Infrastruktur milik PT Pos Indonesia yang cukup memadai memungkinkan mereka menjangkau hingga ke pelosok negeri, melampaui jangkauan bank pelat merah atau Himpunan Bank Milik Negara (Himbara) yang belum optimal dalam mendistribusikan bansos ini. Dengan harapan adanya regulasi yang lebih jelas, Faizal berharap perusahaannya tidak hanya berperan sebagai pionir distribusi bansos tetapi juga sebagai entitas yang secara resmi diakui dan sah di mata hukum.

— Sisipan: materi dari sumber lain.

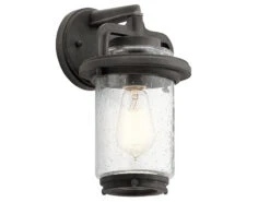 Im traditionell englischem Stil gehalten, erinnert diese Outdoor Pendelleuchte an Laternen aus vergangenen Zeiten um 1900. Der Lampenschirm besteht aus mundgeblasenem Amberglas. Die detailreichen Metallelemente in Bronze sind handbemalt und verleihen dieser Außenleuchte den typischen antiken Laternenlook.

Pemerintah Menyoal Ketidaktepatan Sasaran Penggunaan Anggaran

Tidak hanya PT Pos Indonesia yang menghadapi problematika dalam penyaluran bansos, Luhut Binsar Pandjaitan, Ketua Dewan Ekonomi Nasional (DEN), sebelumnya mengkritik efektivitas distribusi dana bansos. Dari total Rp500 triliun yang dianggarkan untuk bansos, Luhut mengungkapkan bahwa hanya setengahnya yang benar-benar diterima oleh masyarakat yang berhak. Menteri Luhut pun menyebut masalah data yang tidak akurat sebagai penyebab utama kesalahan penyaluran bansos. “Dari total Rp500 triliun anggaran bansos, hanya separuh yang benar-benar sampai ke tangan yang berhak. Data ganda, penerima yang tidak memenuhi syarat, hingga mereka yang bahkan tidak memiliki NIK menjadi kendala utama,” ujarnya.

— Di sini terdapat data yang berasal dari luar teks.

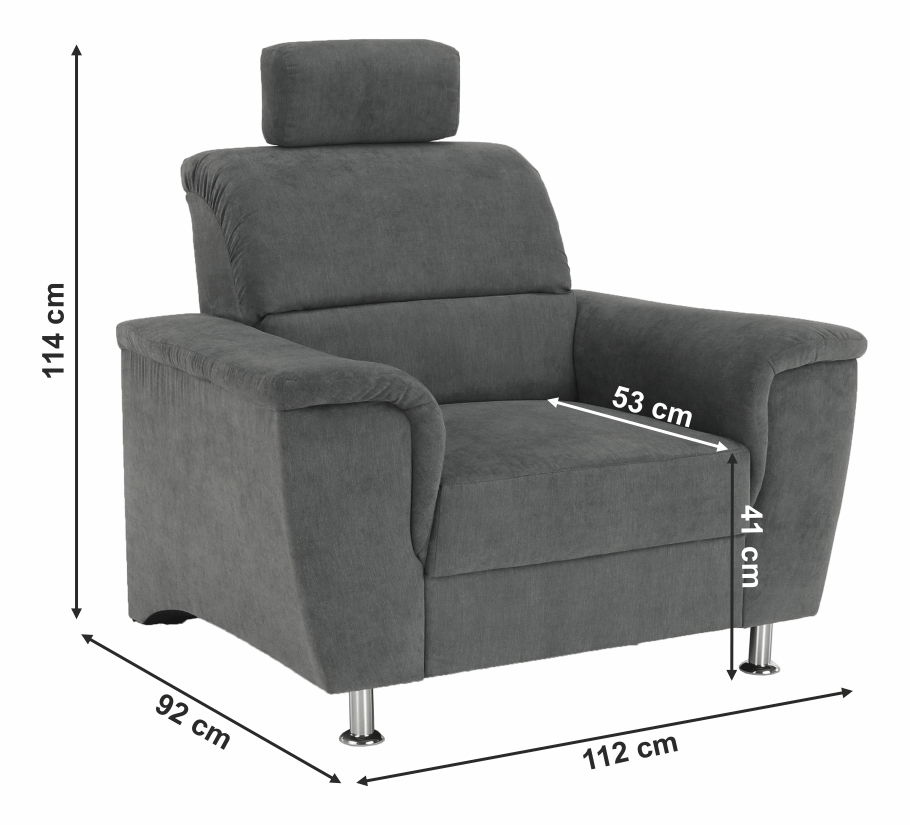 Křeslo Sargetia (šedá) je elegantní křeslo, které Vám poskytne pohodlné místo k sezení. Vyrobeno z kvalitní látky, která odolává opotřebení, s testovanou odolností 72 000 cyklů dle testu Martindale. Svou šedou barvou Matrix 17, kovovými nožičkami s povrchovou úpravou chrom a rozměry 112x92x114 cm bude skvělým doplňkem každé moderního interiéru. Křeslo má výšku sedu 41 cm, hloubku sedu 53 cm a výšku spodního prostoru od podlahy 10 cm. Je vhodné pro osobu s nosností až 90 kg.

Upaya Memperbaiki Sistem Penyaluran Bansos melalui Teknologi

Mencuatnya permasalahan pendistribusian bansos mendorong pemerintah untuk segera membenahi sistem yang ada. Digitalisasi dan penguatan validasi data menjadi prioritas dalam strategi pembenahan ini. Pemerintah, lanjut Luhut, tengah membangun Data Terpadu Sosial dan Ekonomi Nasional (DTSEN) sebagai langkah awal untuk menyatukan tiga basis data utama: Data Terpadu Kesejahteraan Sosial (DTKS), Registrasi Sosial Ekonomi (Regsosek), dan Penyasaran Percepatan Penghapusan Kemiskinan Ekstrem (P3KE). Konsolidasi ini akan diverifikasi lebih lanjut dengan Sistem Informasi Administrasi Kependudukan (SIAK) milik Kementerian Dalam Negeri demi memastikan akurasi data penerima bansos.

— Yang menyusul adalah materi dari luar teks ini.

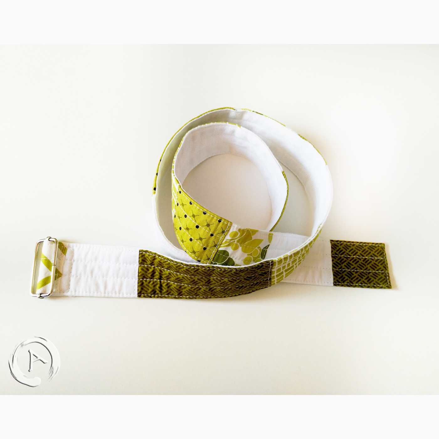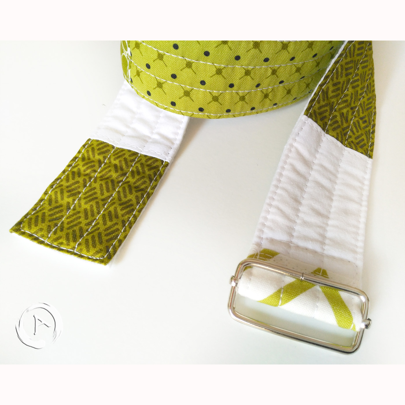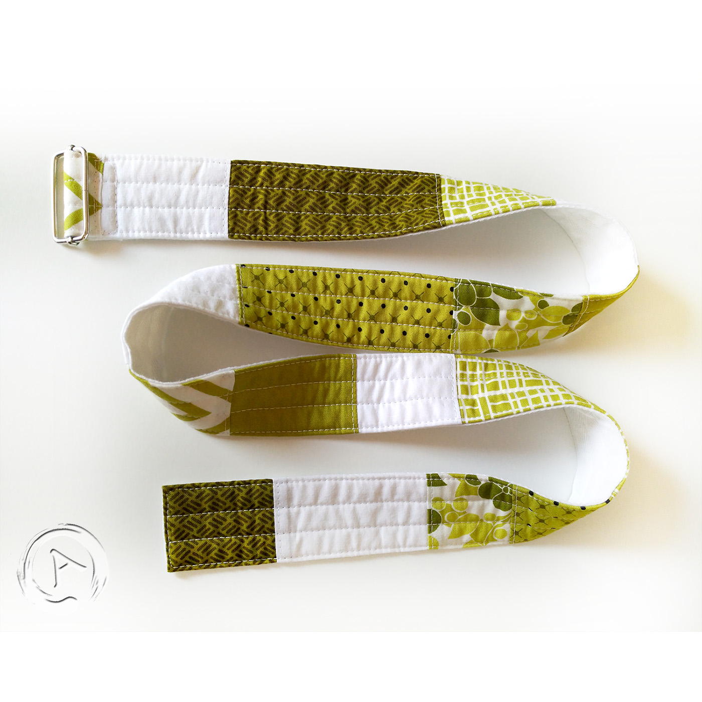 - Parte superior: Telas de algodón 100%, tonos verdes, del “Simply Colorful II Charm Pack” de la marca Moda Fabrics, y trozos blancos de tela de algodón 100%.

Ke Depannya: Tantangan Tata Kelola Bansos

Dengan segala tantangan yang mengemuka dalam tata kelola bansos, baik dari sisi pembiayaan maupun efektivitas penyaluran, diperlukan sinergi dari berbagai pihak. Tidak hanya pemerintah yang perlu memperjelas regulasi dan optimasi anggaran, tetapi juga lembaga penyalur seperti PT Pos Indonesia yang harus terus meningkatkan kapabilitas pengelolaan dan distribusi agar tepat sasaran. Masyarakat tentunya berharap agar program bansos yang sejatinya mulia ini dapat benar-benar dirasakan manfaatnya dengan transparansi dan akuntabilitas tinggi. Ini semua memerlukan kerjasama lintas sektoral yang solid serta komitmen kuat untuk mengentaskan kemiskinan di Tanah Air.